The NY Times provides an API that enables web-developers and others to access data (1851 to present) associated with the publication. There are currently 10 API’s available to the public - for non-commercial use only. They include:
Archive - past NYT articles for a given month
Article Search - articles by keyword
Books - book reviews and The New York Times Best Sellers lists
Community - comments from registered users on New York Times articles
Most Popular - comments from registered users on New York Times articles
Movie Reviews - movie reviews by keyword and opening date
RSS Feeds - articles ranked on the section fronts
Semantic - list of people, places, organizations and other locations, entities and descriptors that make up the controlled vocabulary used as metadata by
Times Newswire - links and metadata for Times’ articles
Top Stories - array of articles currently on the specified sections
In this assignment, I applied the “Article Search” API to access news articles from 2020 highlighting the Adirondack region of New York State. I also took advantage of filtering to limit my search to news articles.

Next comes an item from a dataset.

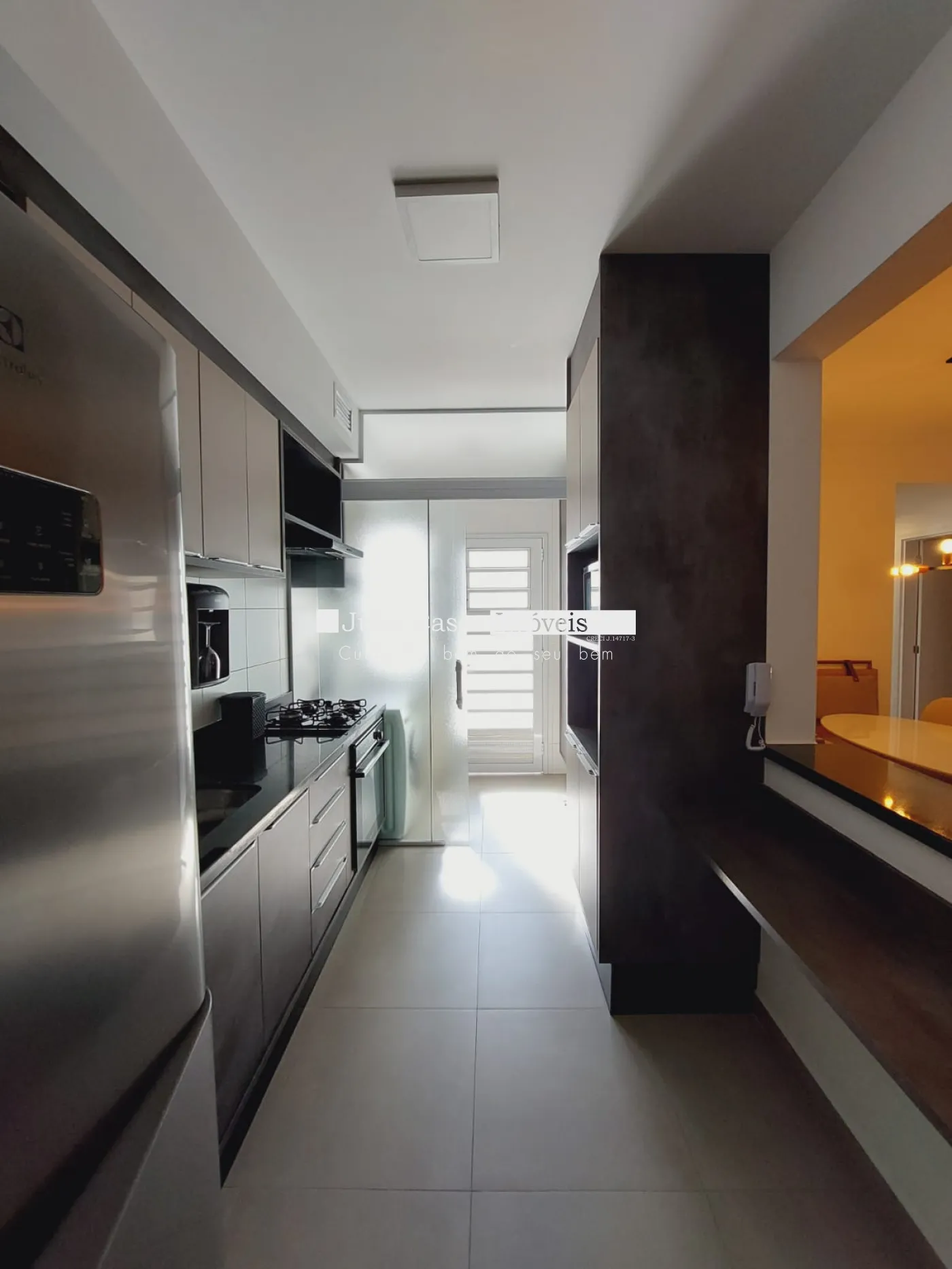 cozinha modulada e equipada com cooktop, geladeira, micro-ondas, forno elétrico e purificador de água, área de serviço com máquina lava e seca e varanda técnica.

The API returns query results in JSON form. Further steps are required to retrieve and store this data as a dataframe. For example, JSON’s data structure (which is hierarchical) must be “flattened” prior to conversion. I used the jasonlite library to accomplish this task. I relied on dplyr to accomplish other aspects of data cleaning and transformation. In this respect, I limited the final data set to entries where Adirondack(s) appeared either in the article headline or lead paragraph.

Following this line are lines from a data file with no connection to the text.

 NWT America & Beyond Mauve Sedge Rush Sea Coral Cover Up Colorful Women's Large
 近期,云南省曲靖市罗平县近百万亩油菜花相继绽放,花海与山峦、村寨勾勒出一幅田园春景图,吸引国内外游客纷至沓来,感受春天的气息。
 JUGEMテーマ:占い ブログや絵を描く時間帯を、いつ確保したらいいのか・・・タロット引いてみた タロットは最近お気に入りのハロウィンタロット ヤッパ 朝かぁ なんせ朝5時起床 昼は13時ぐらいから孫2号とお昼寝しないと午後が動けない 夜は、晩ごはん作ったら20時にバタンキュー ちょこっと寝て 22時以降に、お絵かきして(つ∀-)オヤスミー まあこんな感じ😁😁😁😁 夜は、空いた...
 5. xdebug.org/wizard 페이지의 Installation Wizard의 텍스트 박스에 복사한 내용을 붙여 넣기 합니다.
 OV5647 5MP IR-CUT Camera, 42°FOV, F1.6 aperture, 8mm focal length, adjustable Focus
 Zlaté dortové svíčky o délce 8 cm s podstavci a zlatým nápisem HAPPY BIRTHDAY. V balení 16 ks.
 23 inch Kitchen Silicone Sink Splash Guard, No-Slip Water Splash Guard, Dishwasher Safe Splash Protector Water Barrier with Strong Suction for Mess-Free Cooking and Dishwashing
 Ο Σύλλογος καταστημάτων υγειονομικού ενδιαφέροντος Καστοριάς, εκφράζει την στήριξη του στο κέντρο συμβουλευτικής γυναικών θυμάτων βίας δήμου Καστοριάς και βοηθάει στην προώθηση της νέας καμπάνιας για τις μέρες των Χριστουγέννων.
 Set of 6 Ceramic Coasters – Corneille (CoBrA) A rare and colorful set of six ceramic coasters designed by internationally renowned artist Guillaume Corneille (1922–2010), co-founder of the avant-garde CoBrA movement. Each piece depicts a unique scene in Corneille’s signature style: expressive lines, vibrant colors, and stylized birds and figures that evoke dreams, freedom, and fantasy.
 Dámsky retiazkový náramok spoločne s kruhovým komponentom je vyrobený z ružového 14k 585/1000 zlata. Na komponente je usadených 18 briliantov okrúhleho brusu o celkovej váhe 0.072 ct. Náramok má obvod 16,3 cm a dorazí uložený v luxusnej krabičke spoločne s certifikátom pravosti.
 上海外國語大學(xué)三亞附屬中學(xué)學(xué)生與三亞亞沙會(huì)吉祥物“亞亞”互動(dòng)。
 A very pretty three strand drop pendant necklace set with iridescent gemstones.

The following source material was valuable in providing example code and steps to complete this assignment:
The NY Times Developers Network: https://developer.nytimes.com
Storybench: https://www.storybench.org/working-with-the-new-york-times-api-in-r/
Daisung jang: https://daisungjang.com/tutorial/Nytimes_tutorial.html
#load libraries
library(tidyverse)
library(jsonlite)
library(magrittr)
library(kableExtra)
library(janitor)
#set query parameters to generalize requests
key = "jY4q18VWUjMQPNMBjhrdquQ7AVPxYGZe"
search_terms <- c("Adirondacks")
material<-c("News")
# Query API and identify data volumn (page number)
for(i in 1:length(search_terms)){
term <- search_terms[i]}
begin_date <- "20000101"
end_date <- "20001231"
url <- paste0("http://api.nytimes.com/svc/search/v2/articlesearch.json?q=",
term,
"&fq=type_of_material:",
material,
"&begin_date=",
begin_date,
"&end_date=",
end_date,
"&facet_filter=true&api-key=",
key, sep="")
#Query hit limited to 10 pages
query <- fromJSON(url)
tot_pages <- round((query$response$meta$hits[1] / 10)-1)
#Create a df for each page and pastes on page number
pages <- list()
for(i in 0:tot_pages){
nytSearch <- fromJSON(paste0(url, "&page=", i), flatten = TRUE) %>% data.frame()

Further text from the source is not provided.